Barajların kuruması su kıtlığının göstergesi mi yoksa plansızlık mı?

Abone Ol

Ülkemiz, geçmişte yaşadığı kuraklık ve su kıtlığı sorunlarını şimdilerde barajlardaki su seviyelerinin hızla düşmesiyle tekrardan yaşayacak gibi görünüyor. Özellikle büyük şehirlerdeki barajların kuruması, sadece insanlara su temini açısından değil, aynı zamanda ekosistem, tarım, enerji üretimi gibi birçok alanda da tehditler oluşturuyor. Ancak, barajların kuruması sadece gereksiz su tüketiminin değil aynı zamanda iklim değişikliği ve plansızlıkların bir sonucu da olabilir.  

İklim değişikliği dünya genelinde kuraklıklarla etkisini göstermeye devam ediyor. Yağışların düzensizleşmesi, bazı bölgelerde ani sel olayları bazı yerlerde ise yağış olmaması gibi günümüz çevre afetlerinin yaşanmasına sebep olabiliyor. Türkiye’de ise bu durum özellikle büyük şehirlerin olduğunu bölgelerdeki barajlarda su seviyelerin kritik oranda düşmesine sebep oldu. Gelişen bu durumlarla birlikte yer altı kaynakları da tükeniyor. Sonucunda ise doluluk oranlarının düşmesiyle neredeyse her mevsimde su temini sorunu yaşanıyor.

Yoğun nüfusun olduğu büyük şehirlerde su kaynakları oldukça fazla kullanılıyor. İstanbul, Ankara, İzmir gibi Türkiye’nin üç büyük metropolünde artan nüfus ve iş yoğunluğu, barajlardaki su seviyelerinin düşmesinde önemli bir faktör. Bu şehirlerde kullanılan barajlar öncelikle su temini ardından ise sulama, hidroelektrik enerji üretimi gibi farklı ihtiyaçlar için de kullanılabiliyor. Ancak bu kaynakların kullanımı zaman zaman plansızlıktan verimsiz olabiliyor.
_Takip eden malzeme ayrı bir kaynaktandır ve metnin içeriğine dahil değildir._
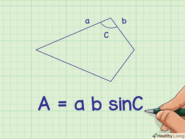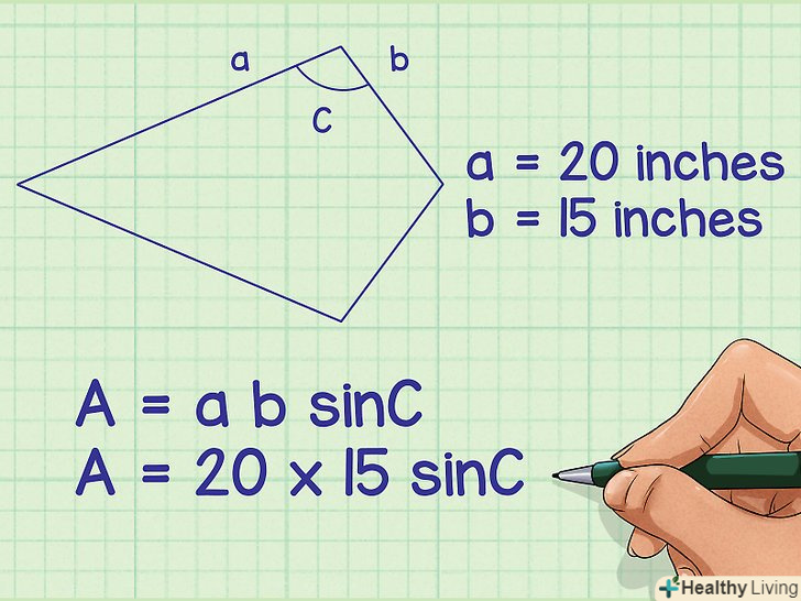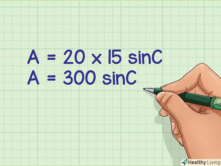 Перемножте результат добутку сторін і синус кута.так ви знайдете площу змія в квадратних одиницях виміру.- Наприклад: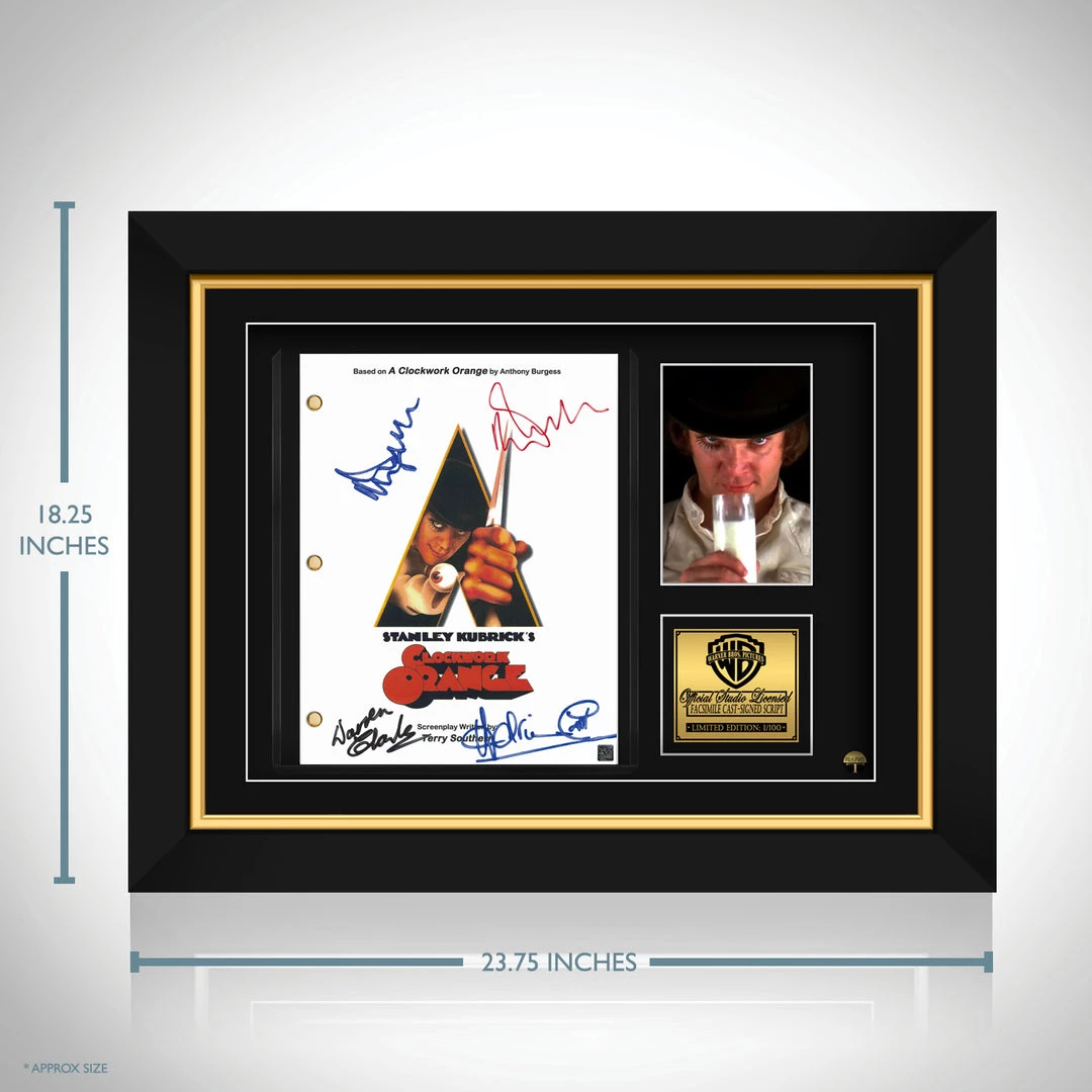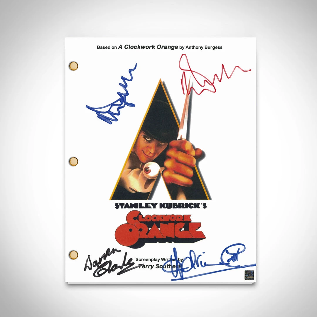 Pay homage to A Clockwork Orange , with this Warners Bros. Pictures  fully licensed facsimile of the official signed movie script, originally signed by actors Malcolm McDowell, Patrick Magee, Stanley Kubrick & Michael Bates , of which is strictly limited to 100 units Worldwide and has been approved and numbered accordingly.

Türkiye’deki bazı barajlar, kuraklık dönemlerinde bile yeterli su kapasitesine sahipken bu suyun plansızca kullanımı, barajların bakımsızlığı ya da bölgenin yeterli yağış almamasından kaynaklı olarak su seviyelerinin düşmesine sebep oluyor. Ayrıca barajların çevresinde bulunan fabrikalar ve inşaatlar suyun doğal yollarla beslenmesini engelleyebiliyor.
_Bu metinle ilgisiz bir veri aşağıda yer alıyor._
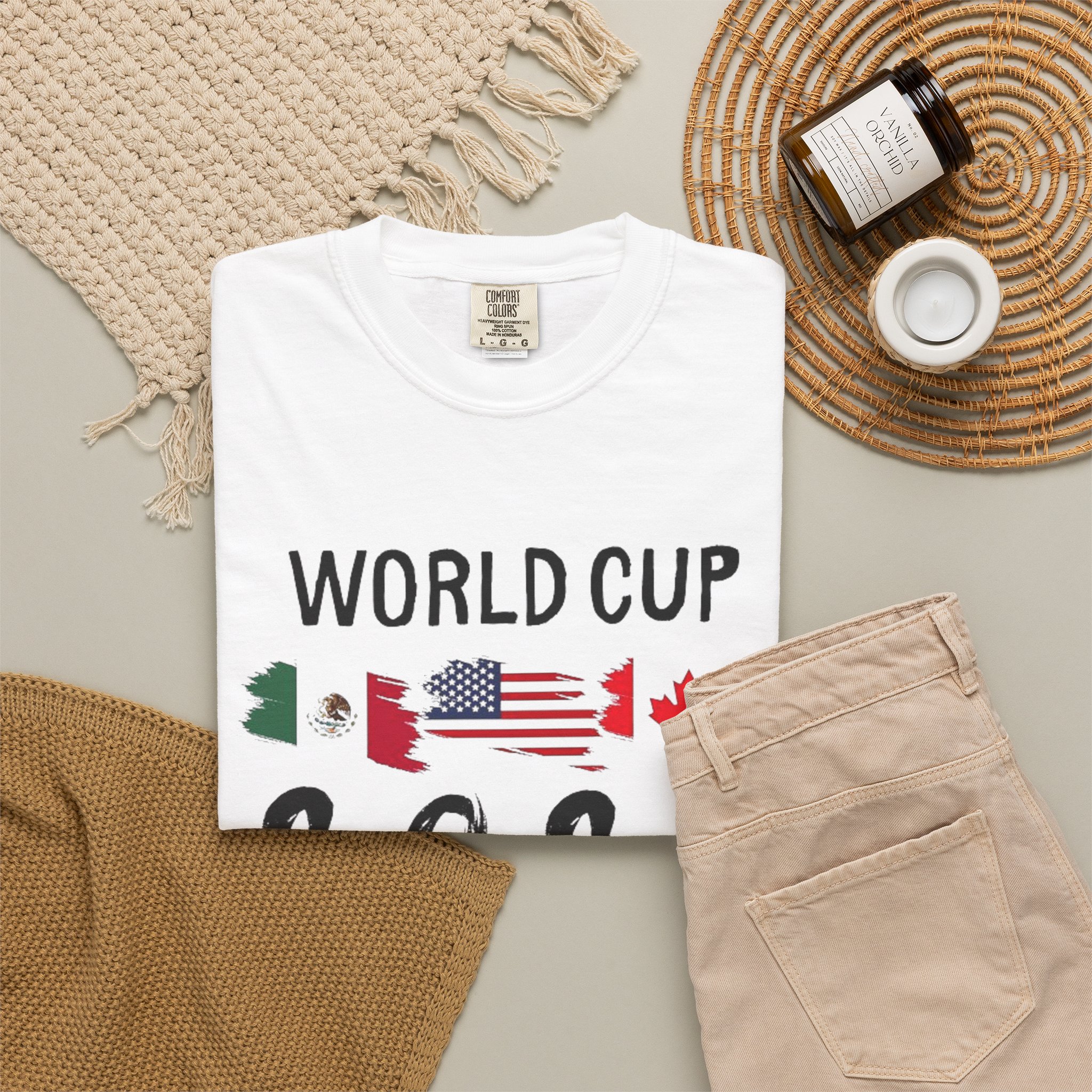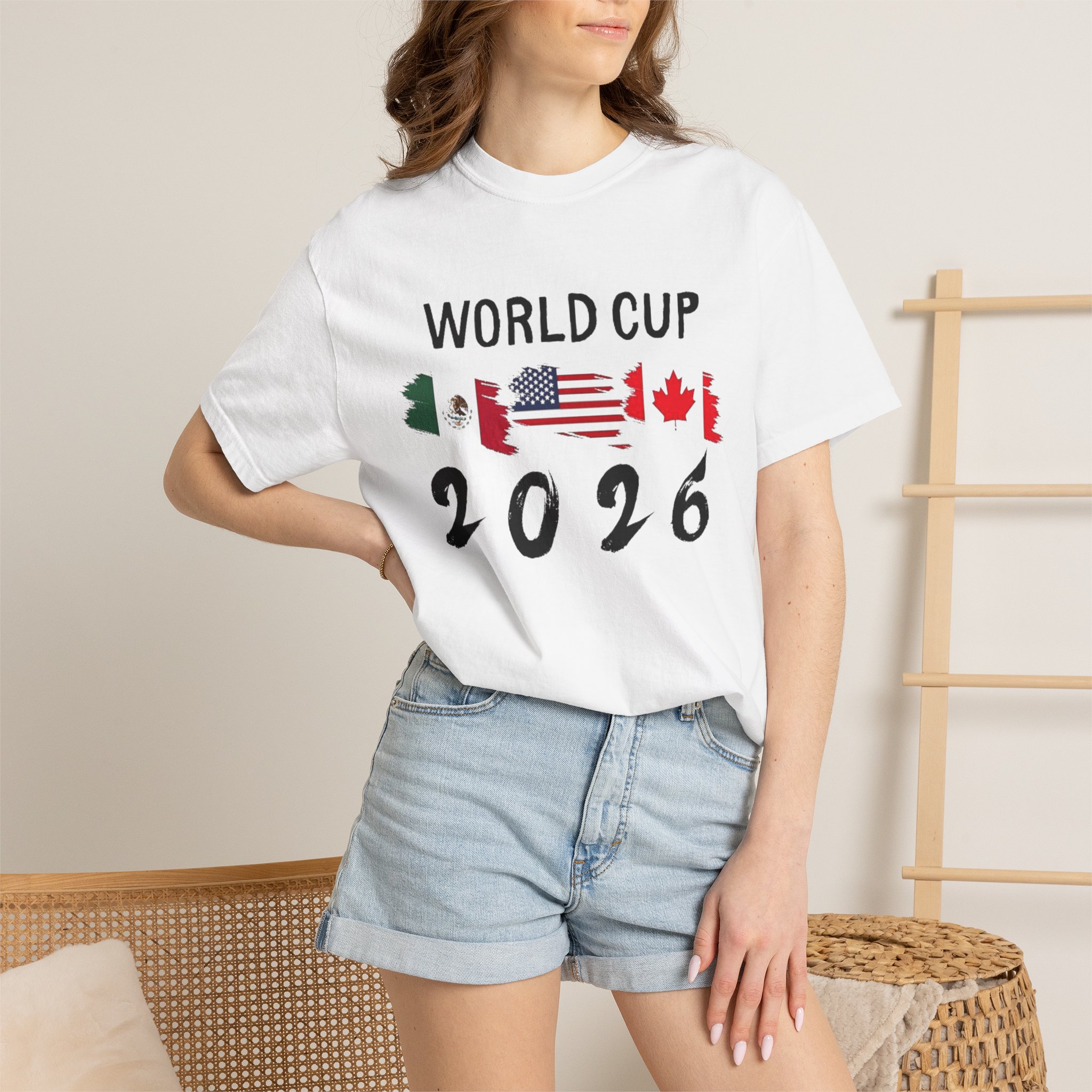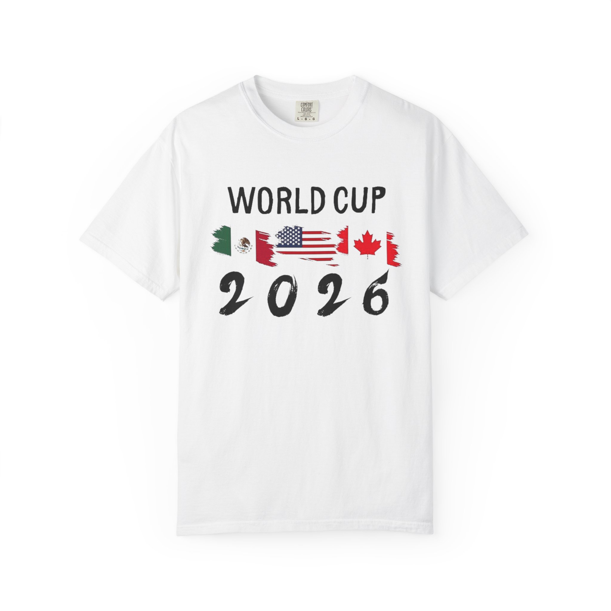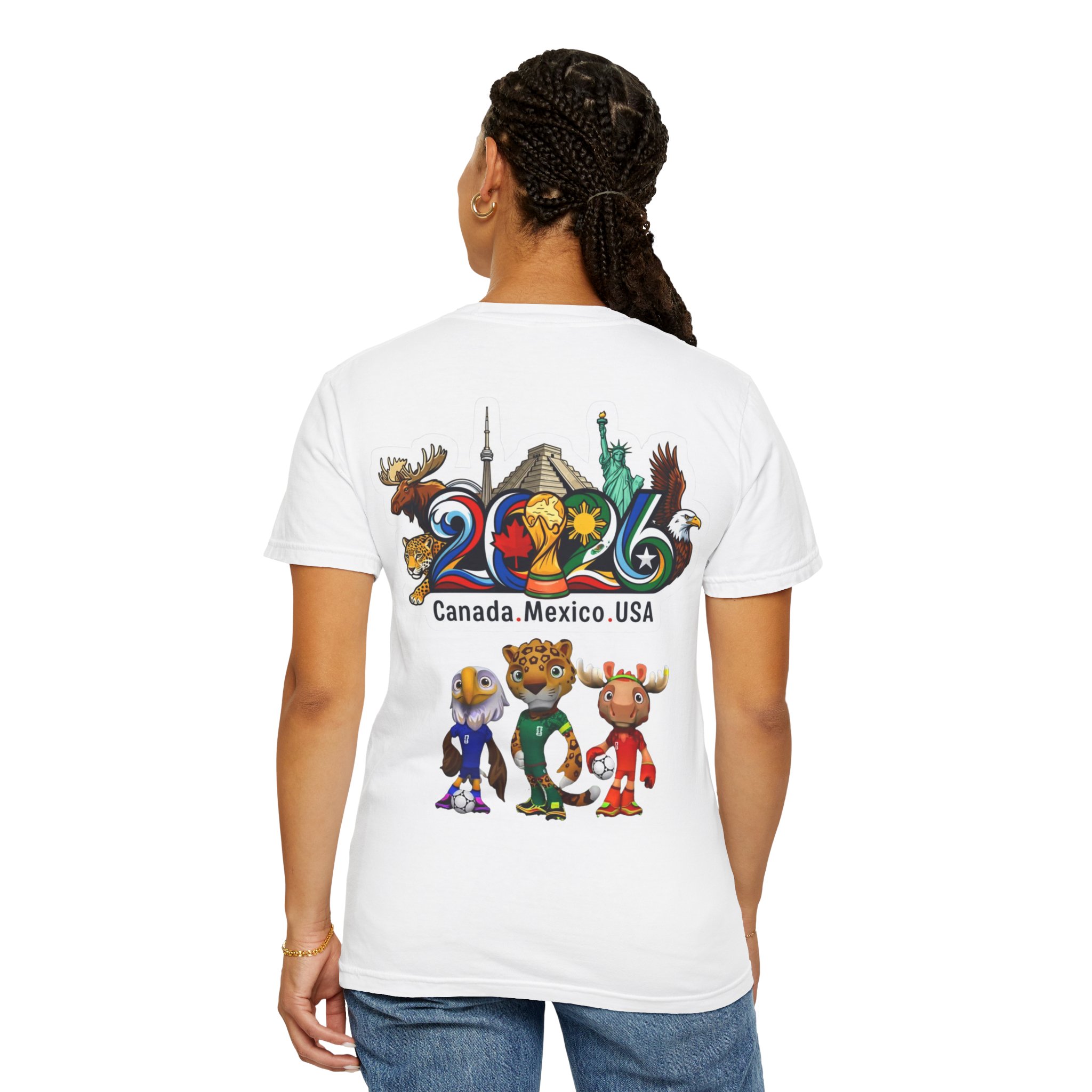Celebrate the 2026 World Cup with a soft, garment-dyed tee that feels lived-in from the first wear. The relaxed, heavyweight cotton holds bold, colorful prints—front text and flags that nod to the tri-nation hosts, and a vibrant back scene featuring iconic landmarks and playful mascots. It sits comfortably on the sidelines, in the stands, or at watch parties, bringing stadium energy to everyday moments. Wear it with worn denim or layered under a jacket for game day or travel. The dyed finish gives each shirt a slightly unique tone and a vintage, well-loved look that blends with your regular rotation.

Barajların kuruması sadece doğanın bize bir uyarısı değil aynı zamanda geleceğimizi de nasıl görmek istediğimize dair bir işaret. Yaşadığımız yerleri korumak ve gelecek nesillere yaşanabilir bir dünya bırakmak için herkesin üstüne düşen görevi yerine getirmeli. Geleceğimizi koruma altına almak için atılacak adımlar oldukça önemli. Sadece suyun korunmasına yönelik değil, aynı zamanda ekosistemin, tarımın ve enerji üretiminin geleceğine de katkı sağlayacak. Unutmayın, su hayattır… Bu hayat bir daha geri gelmeyecek!